In perfused hearts, high calcium-induced inotropy results in less developed pressure relative to myocardial oxygen consumption compared to the β-adrenergic agonist dobutamine. Calcium handling is an important determinant of myocardial oxygen consumption. Therefore, we hypothesized that this phenomenon was due to reduced myofilament responsiveness to calcium, related to protein kinase C activation.

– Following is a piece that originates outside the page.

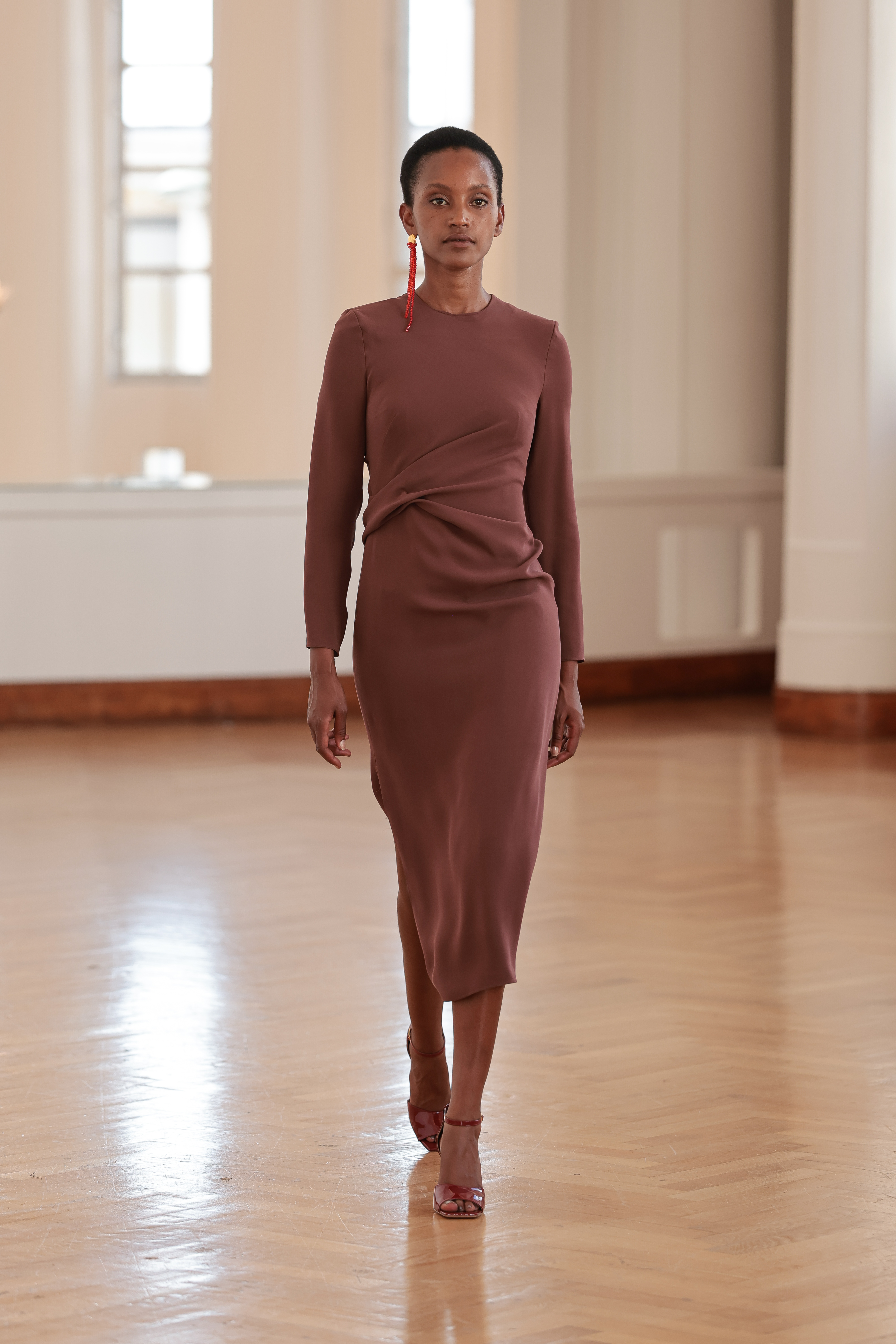 Mid-lange kokerjurk van lichte, vloeiende zijde, met lange mouwen en een ronde halslijn, geaccentueerd in de taille door asymmetrische drapering.

Developed pressure was significantly higher with dobutamine compared to high perfusate calcium of 3.5 mM (73 ± 10 vs 63 ± 10 mmHg, p < 0.05), though peak systolic intracellular calcium was not significantly different, suggesting reduced myofilament responsiveness to intracellular calcium with high perfusate calcium. The ratio of developed pressure to myocardial oxygen consumption, an index of economy of contraction, was significantly increased with dobutamine compared to high perfusate calcium (1.35 ± 0.15 vs 1.15 ± 0.15 mmHg/μmoles/min/g dry wt, p < 0.05), suggesting energetic inefficiency with high perfusate calcium. The specific protein kinase C inhibitor, chelerythrine, significantly attenuated the expected increase in developed pressure when increasing perfusate calcium from 2.5 to 3.5 mM (3.5 mM: 64 ± 8 vs 3.5 mM + chelerythrine: 55 ± 5 mmHg, p < 0.05), though had no effects on dobutamine, or lower levels of perfusate calcium (1.5 to 2.5 mM).
By measuring intracellular calcium, developed pressures and myocardial oxygen consumption in perfused mouse hearts, these results demonstrate that high perfusate calcium positive inotropy compared to dobutamine results in reduced myofilament responsiveness to intracellular calcium, which is associated with energetic inefficiency and evidence of protein kinase C activation.